We only speak about correlation (and not causation) at this point, since the relation between players quality and team scores, for example, is ambiguous: better players will quite logically enhance the overall team attributes and level, leading to more points, and at the same time, famous and better ranked teams tend to attract top level players.
We chose to focus on 6 of the major European leagues:
#Creating a dataframe with match information: it will be the base for total points per team per season analysis
#The league ids we consider is the following: '1729', '4769', '7809', '10257', '13274', '21518'
df_match = pd.read_sql("""
SELECT
m.id,
m.country_id,
c.name country,
m.league_id,
l.name league,
m.season,
m.stage,
m.match_api_id,
m.home_team_api_id,
m.away_team_api_id,
m.home_team_goal,
m.away_team_goal
FROM Match m
INNER JOIN Country c ON c.id = m.country_id
INNER JOIN League l ON l.id = m.league_id
WHERE l.id IN ('1729', '4769', '7809', '10257', '13274', '21518');""", conn)
df_match.head()
#Creating the team, country and league dataframes
df_team = pd.read_sql("""SELECT * FROM Team;""", conn)

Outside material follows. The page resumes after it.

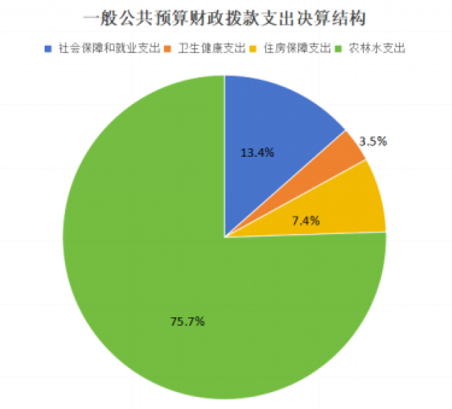 2024年度一般公共预算财政拨款支出357.33万元,主要用于以下方面:社会保障和就业支出48.02万元,占13.4%;卫生健康支出12.35万元,占3.5%;住房保障支出26.49万元,占7.4%;农林水支出270.46万元,占75.7%。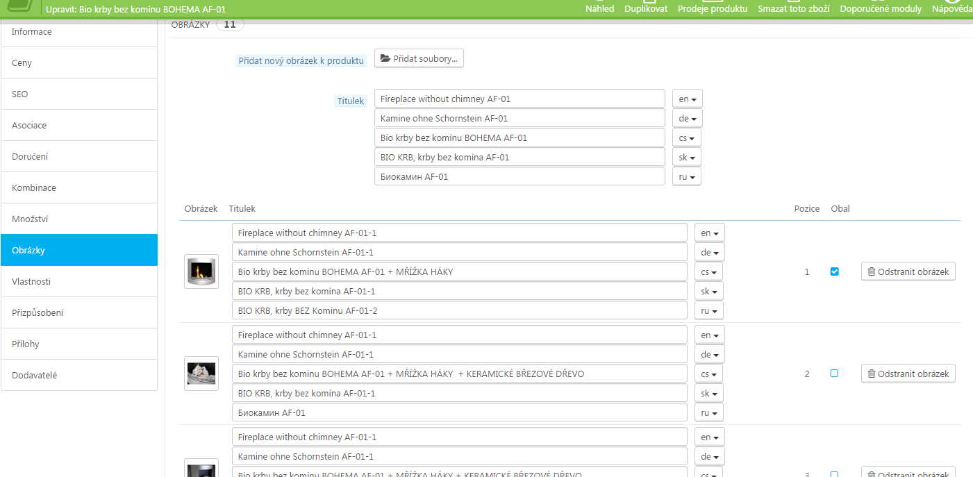 www.bio-krby-kamna.cz Posted October 6, 2016 Share Posted October 6, 2016 (edited) Hello before version 1.6.1.0 of prestashop you cannot edit image caption. With later version can edit, but its very complicated. This solution work with all version 1.6.x Solution from http://pelechano.es/modificar-titulos-en-imagenes-prestashop-1-6/ adminbackoffice\themes\default\template\controllers\products\images.tpl find <td>legend</td> and change to <td style="width: 100%;"> <div class="col-lg-12"> {foreach from=$languages item=language} {if $languages|count > 1} <div class="translatable-field row lang-{$language.id_lang}"> <div class="col-lg-10"> {/if} <input type="text" id="prod_img[idprodimg][{$language.id_lang}]" {if isset($input_class)}class="{$input_class}"{/if} name="prod_img[idprodimg][{$language.id_lang}]" value="listImg_value_{$language.id_lang}" disabled="disabled" {*egp mod creamos este campo plantilla deshabilitado para que luego no se envie. Al copiar ya se habilitara*} /> {if $languages|count > 1} </div> <div class="col-lg-2"> <button type="button" class="btn btn-default dropdown-toggle" data-toggle="dropdown" tabindex="-1"> {$language.iso_code} <span class="caret"></span> </button> <ul class="dropdown-menu"> {foreach from=$languages item=language} <li> <a href="javascript:hideOtherLanguage({$language.id_lang});">{$language.name}</a> </li> {/foreach} </ul> </div> </div> {/if} {/foreach} </div> </td> find function imageLine(id, path, position, cover, shops, legend) { line = $("#lineType").html(); line = line.replace(/image_id/g, id); line = line.replace(/(\/)?[a-z]{0,2}-default/g, function($0, $1){ return $1 ? $1 + path : $0; }); line = line.replace(/image_path/g, path); line = line.replace(/image_position/g, position); line = line.replace(/legend/g, legend); line = line.replace(/icon-check-empty/g, cover); line = line.replace(/<tbody>/gi, ""); line = line.replace(/<\/tbody>/gi, ""); if (shops != false) { $.each(shops, function(key, value){ if (value == 1) line = line.replace('id="' + key + '' + id + '"','id="' + key + '' + id + '" checked=checked'); }); replace to function imageLine(id, path, position, cover, shops, legendJsonArray,cargaInicial) { line = $("#lineType").html(); line = line.replace(/image_id/g, id); line = line.replace(/(\/)?[a-z]{0,2}-default/g, function($0, $1){ return $1 ? $1 + path : $0; }); line = line.replace(/image_path/g, path); line = line.replace(/\.jpg"\s/g, '.jpg?time=' + new Date().getTime() + '" '); line = line.replace(/image_position/g, position); //line = line.replace(/legend/g, legend); egp mod legendas editables..Ahora nos llega un array en json if (typeof cargaInicial != 'undefined'){ //se construye la tabla dinámicamente al cargar la página. Ahora nos llega el array entero legendJsonArray = $.parseJSON(legendJsonArray); }else{//venimos de subir una imagen (ajax.tpl del uploader) legend=legendJsonArray; legendJsonArray={}; legendInput=$('input[name^=legend]'); $.each(legendInput, function(i, input) { lang_id_arr=input['name'].split('_'); legendJsonArray[lang_id_arr[1]]=input['value'];//cogemos los valores del input titulo }); } $.each(legendJsonArray, function(i, item) { search='listImg_value_'+i; replace=item; line = line.replace(search, replace); line = line.replace(/idprodimg/g, id); line = line.replace('disabled="disabled"', ''); //lo habilitamos. }); line = line.replace(/icon-check-empty/g, cover); line = line.replace(/<tbody>/gi, ""); line = line.replace(/<\/tbody>/gi, ""); if (shops != false) { $.each(shops, function(key, value){ if (value == 1) line = line.replace('id="' + key + '' + id + '"','id="' + key + '' + id + '" checked=checked'); }); } $("#imageList").append(line); } find imageLine({$image->id}, "{$image->getExistingImgPath()}", {$image->position}, "{if $image->cover}icon-check-sign{else}icon-check-empty{/if}", assoc, "{$image->legend[$default_language]|@addcslashes:'\"'}"); and change to imageLine({$image->id}, "{$image->getExistingImgPath()}", {$image->position}, "{if $image->cover}icon-check-sign{else}icon-check-empty{/if}", assoc, "{$image->legend|@json_encode|@addcslashes:'\"'}", true); create file override\controllers\admin\AdminProductsController.php with <?php class AdminProductsController extends AdminProductsControllerCore { /*egp mod sobrescrito para poder modificar los títulos de las imágenes*/ public function processUpdate() { $product=parent::processUpdate(); if (empty($this->errors)){ if($prod_img_arr=$_POST['prod_img']){ foreach ($prod_img_arr as $id_image=>$prod_img){ foreach ($prod_img as $id_lang=>$value_legend){ Db::getInstance()->execute(' UPDATE `'._DB_PREFIX_.'image_lang` SET `legend` ="'.$value_legend.'" WHERE `id_image` = '.(int)$id_image.' AND `id_lang`='.(int)$id_lang); } } } } return $product; } } enable overrides Perfomance/Enable ovverides delete cache\class_index.php Edited October 6, 2016 by www.bio-krby-kamna.cz (see edit history) Link to comment Share on other sites More sharing options...

df_country = pd.read_sql("""SELECT * FROM Country
WHERE id IN ('1729', '4769', '7809', '10257', '13274', '21518');""", conn)
df_league = pd.read_sql("""SELECT * FROM League
WHERE id IN ('1729', '4769', '7809', '10257', '13274', '21518');""", conn)
df_team
#let's select the teams from the leagues that interest us
df_team = df_team.merge(df_match, how='left',
left_on='team_api_id',
right_on='home_team_api_id')
#Selecting only relevant columns and dropping duplicates, resetting index and renaming columns
df_team = df_team[['id_x', 'team_api_id', 'team_fifa_api_id', 'team_long_name', 'team_short_name', 'league_id']].drop_duplicates()
df_team.dropna(subset=['league_id'], inplace=True)
df_team.reset_index(drop=True)
df_team.rename(columns={'id_x':'id'}, inplace=True)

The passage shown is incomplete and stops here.